Thermodynamic Modelling of Equilibrium Behaviour of Water in TEGWater- Natural Gas Systems

Tri-ethylene glycol (TEG) is used to remove water vapour from natural gas in glycol dehydration units. Modelling the equilibrium behaviour of water in TEG-water-natural gas system is necessary for process design and operation. Most thermodynamic models do not represent the actual equilibrium behaviour of the multicomponent system. Also laboratory results are limited since some experiments may not be carried out at relevant process conditions (high temperatures and pressures) because of limitations of the laboratory equipment. Also the difficulties of measuring very small concentrations of water in gas and in TEG limit the data obtained from the laboratory. Thermodynamic models are used to fill-up these gaps using the laboratory data for validation. Therefore, knowledge on equilibrium behaviour of TEG-water-natural gas systems is important. The equilibrium behaviour of wet gas entering the absorber in contact with the lean glycol is necessary to make good predictions of the water content of the dry gas, and thus the dew point depression necessary for the required sales gas specification. Also, the equilibrium behaviour of water in TEG-water system as obtainable in the glycol regenerator is vital to know the glycol concentration that could be used for the next operation.

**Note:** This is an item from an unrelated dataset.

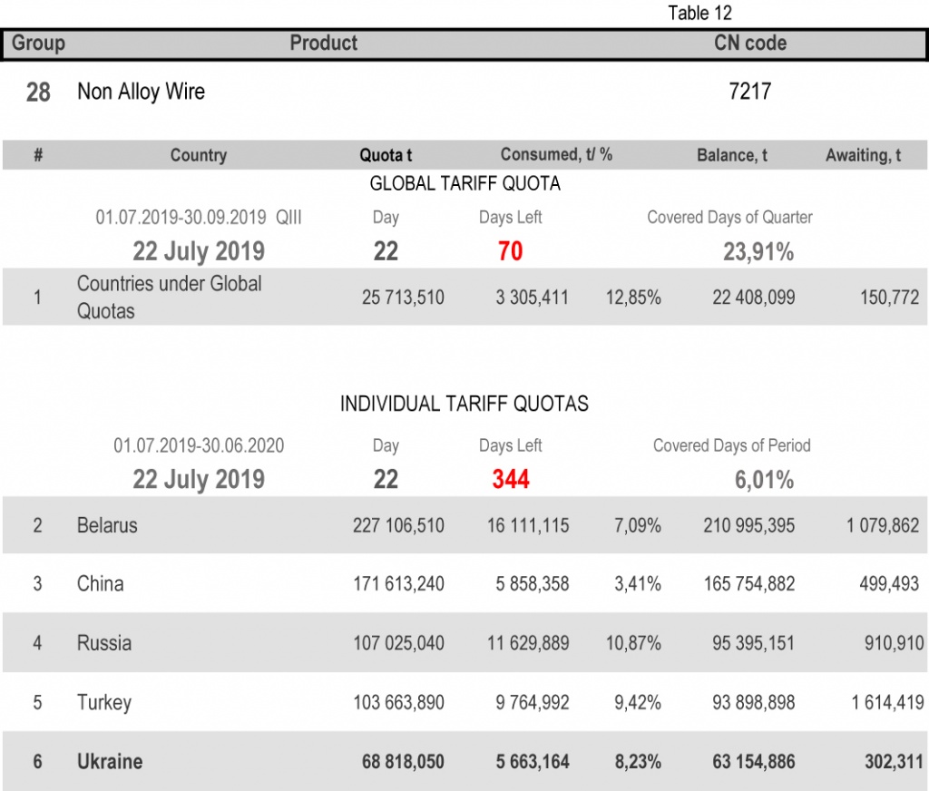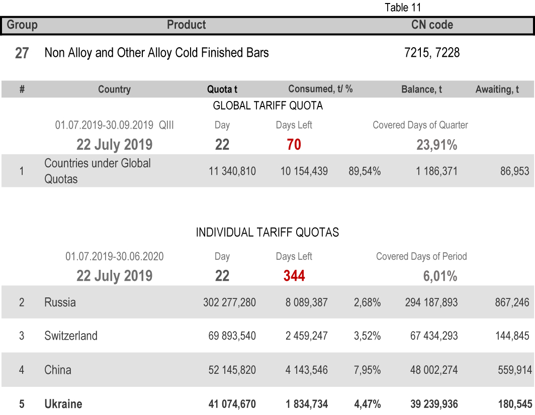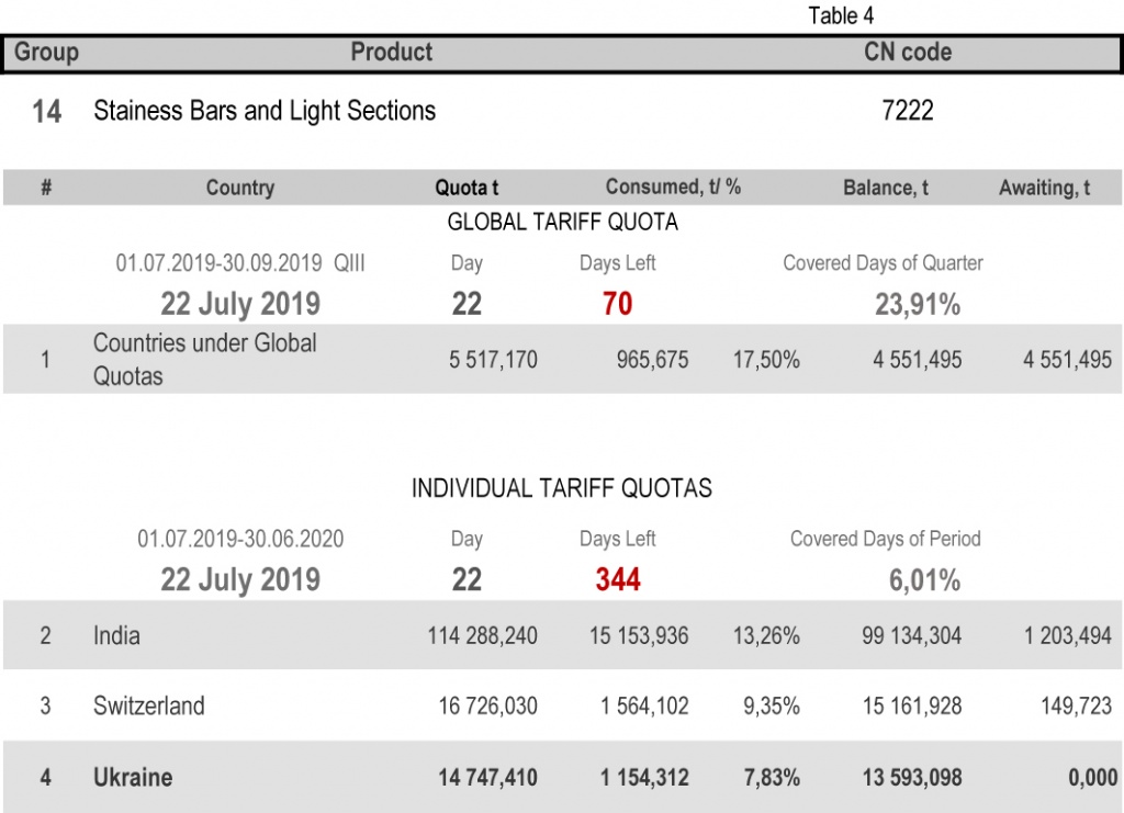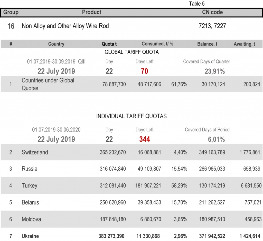 On state of 22nd July 2019 (6.01% of the covered period) the most consumed individual tariff quota is in category 13 (rebars) – the application level is 23.21%. The least consuming is in category 16 (non-alloy and other alloy wire rods), 2.96%. More detailed

Based on the above introduction, the proposed thesis should include the following:

1. Overview of glycol dehydration processes
2. Analyse existing laboratory data on equilibrium behaviour of water in TEG-water-natural gas systems.
3. Identify the laboratory limits in generating data for equilibrium behaviour of water in TEG-water-natural gas systems.
4. Highlight the deficiencies/gaps of existing thermodynamic models and introduce new parameter(s) and/or procedures that could close the gap.
5. Validate the applied thermodynamic model with laboratory data. Also compare results with the existing models.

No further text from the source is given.